Frankenstein: Chapter 7

At Ingolstadt, what do Victor and Henry receive? And from whom? They receive a letter from Victor’s father, William, that Victor’s youngest brother was murdered.
On an evening walk with the family, the boy apparently disappeare3d and was found dead when? The following morning
On the day of the murder, what did Elizabeth allow the boy to wear? Elizabeth had allowed the boy to wear an antique locket bearing Caroline’s picture
When Elizabeth examined the corpse, what did she find? Elizabeth finds the locket gone; she swoons at the thought that William was murdered for the bauble
What does the father implore Victor to do? Victor’s father implores him to come home immediately, saying that his presence will help to soothe the ravaged household
Who expressed sympathies for Victor’s brother and who helps Victor to order the horses for his journey? Clerval
On way to Geneva, Victor is seized by an irrational fear. What was the fear and what does Victor do? Certain that further disaster awaits him at home, he lingers for a few days at Lausanne. Summoning his course, Victor sets out again.
What happens to Victor at the sight of his native city? Victor is moved to tears at the site of his native city, since his estrangement from it has been so prolonged.

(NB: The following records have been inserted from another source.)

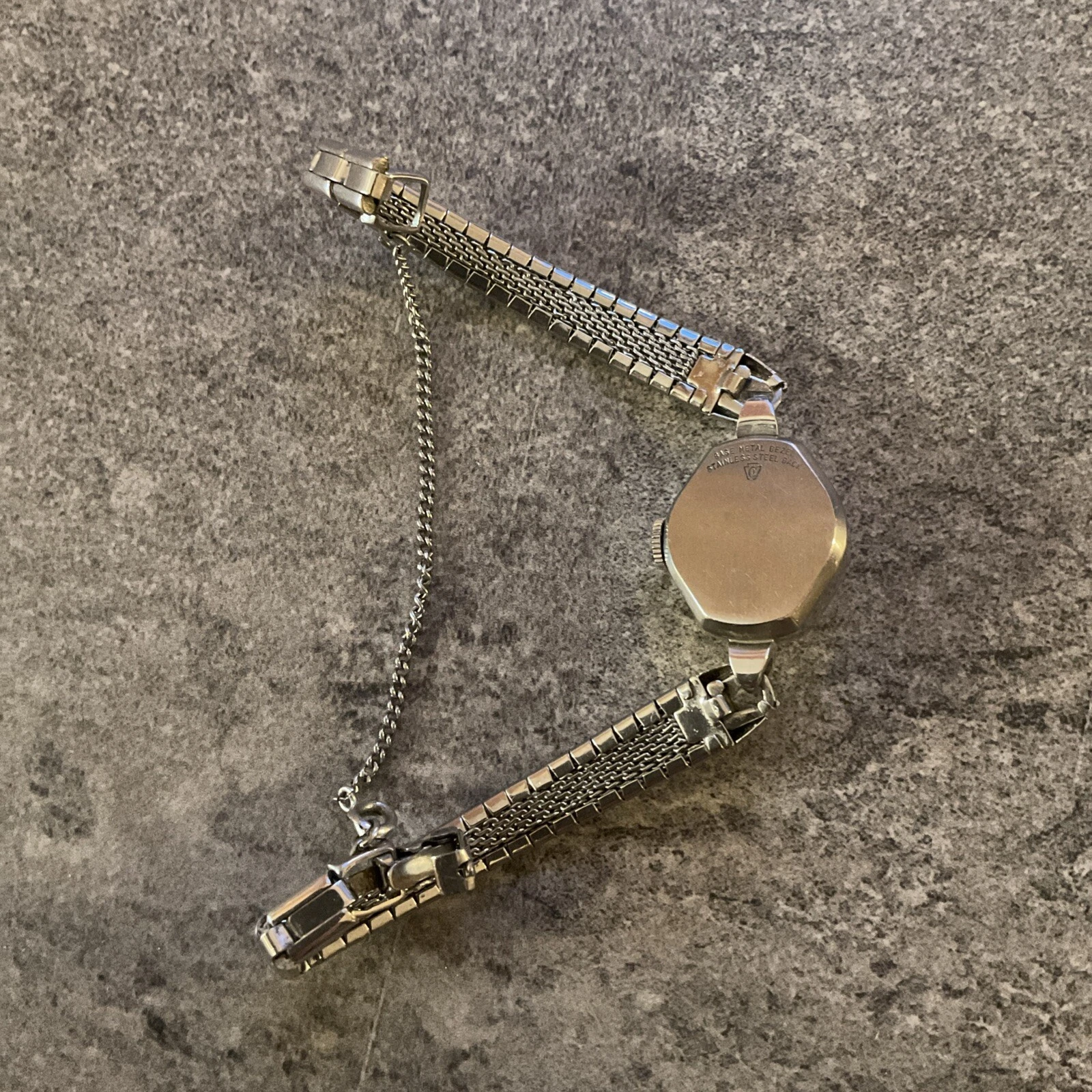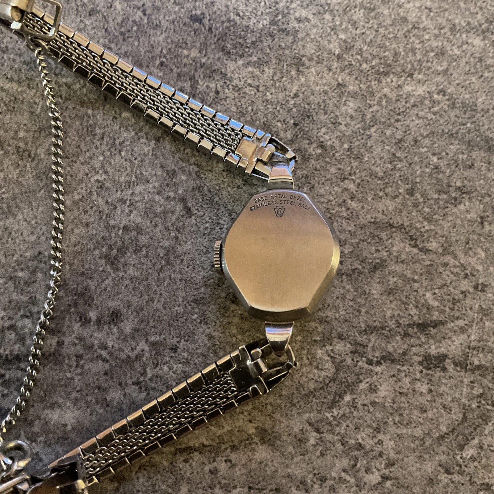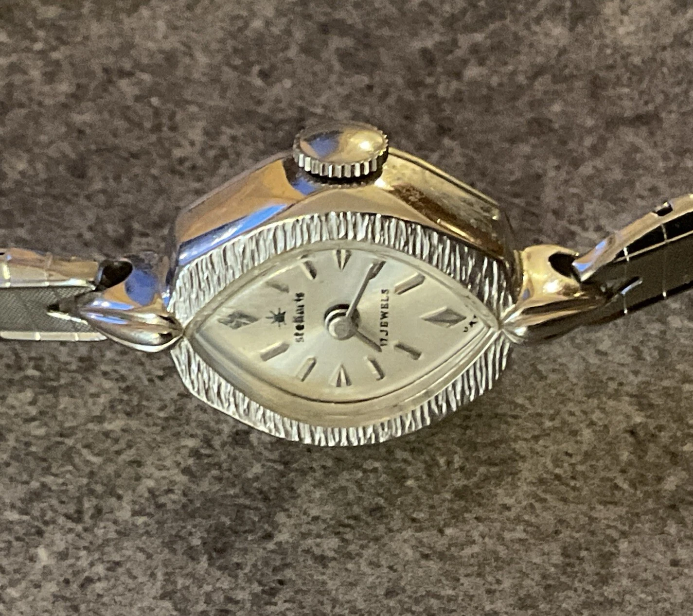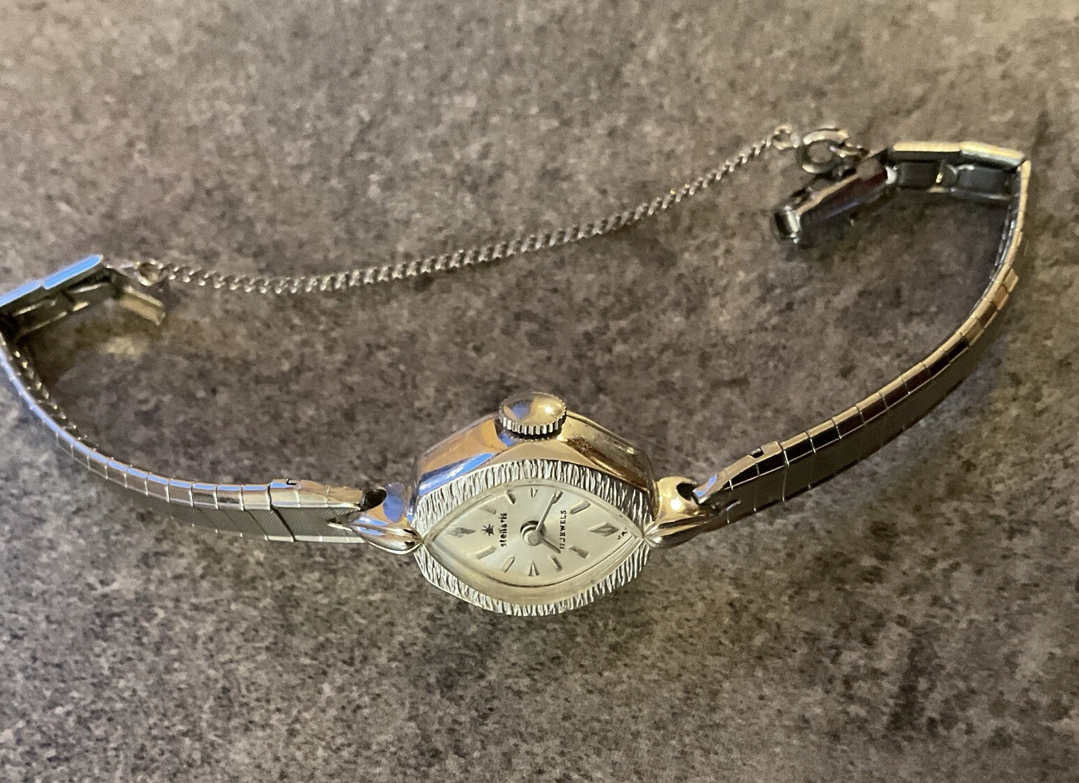 Vintage Ladies Stellaris 17 Jewels Mechanical Watch Silver Tone Case And Band A7
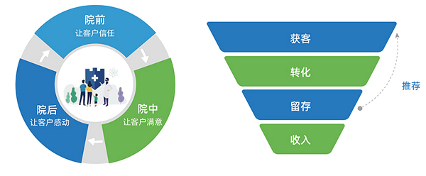 现代民营医疗机构通过成立专门的客户服务及运营中心,建立起属于自己的私域流量,使医院的战略中心从关注“医疗服务”向“关注客户”转变,通过医院CRM平台对客户需求挖掘和精细化管理,提供具有针对性的医疗服务,可以长期有效的提高医院的就诊量。
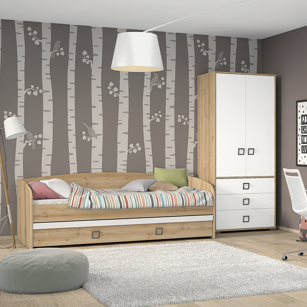 Krevet za dečiju sobu, iz kolekcije KIKI,sa tablom za naslon, prilagođen svakom uzrastu
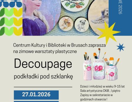 W ofercie Centrum Kultury i Biblioteki im. Jana Karnowskiego w Brusach są następujące koła plastyczne:
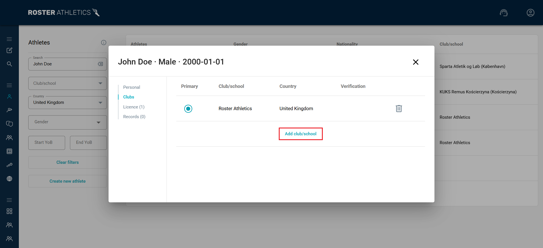 You can add a new club or school to the Roster Athletics database from an athlete, relay, or team profile, or from OVERVIEW → Clubs/schools in the left-hand side menu. Depending on the place, follow these steps:
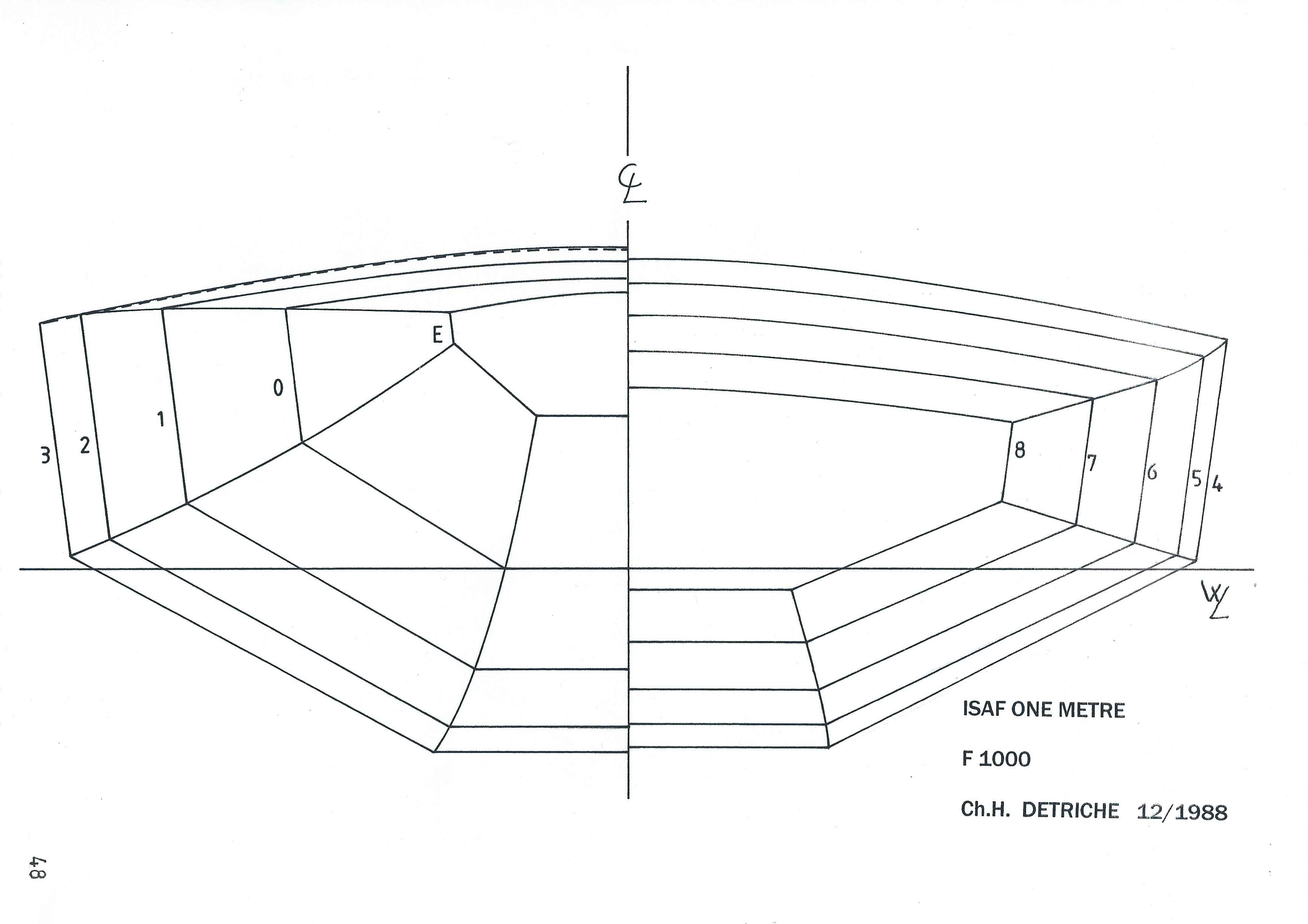 Un exemple du scow IOM "F1000" de C. Détriché (dont les plans se trouvent sur le web), on remarque que le concepteur a gardé de la marge au niveau de la ligne de flottaison avant, le bateau n'est pas à une LF de 1 mètre, mais sa proue (que l'on appelle "marotte" sur les scows) permet de récupérer de la portance à l'avant et éviter ou retarder (un peu) l'enfournement...

Despite his joy at being reunited with Geneva, what returns to Victor? His fear.
When Victor arrived at night, in the midst of a severe thunderstorm, what does he see? Suddenly, a flash of lightning illuminates a figure lurking among the skeletal trees; its gigantic stature betrays it as Frankenstein’s prodigal creature. At the sight of the “demon,” Victor becomes absolutely certain that he is William’s murder: only a monster could take the life of so angelic a boy.
Victor, after seeing what he saw lurking among the skeletal trees, longs to pursue the creature and warn his family of the danger the creature represents. But his fears take over. What were his fears? And what does he end up doing? He fears that he will be taken for a madman if he tells his fantastic story, however, and thus resolves to keep silent.
At the Frankenstein estate, Victor is greeted with a melancholy affection by whom and what news did he have? His brother, Ernest, relates a piece of shocking news: Justine, the family’s trusted maidservant, has been accused of William’s murder.
Where was the missing locket found? The missing locket was found on her person on the night of the murder.
Who believes in Justine’s innocence? The family -particularly Elizabeth — passionately believes in her innocence, and avers that their suffering will only be magnified if Justine is punished for the crime. They all dread Justine’s trial, which is scheduled to take place at eleven o’clock on the same day.
The account of William’s death is written in highly disjointed language: the sentences are long, and frequently are interrupted by semicolons, as though each thought is spilling into another. Why do you think this is so? This indicates the magnitude of the distress felt by the narrator’s father as he writes.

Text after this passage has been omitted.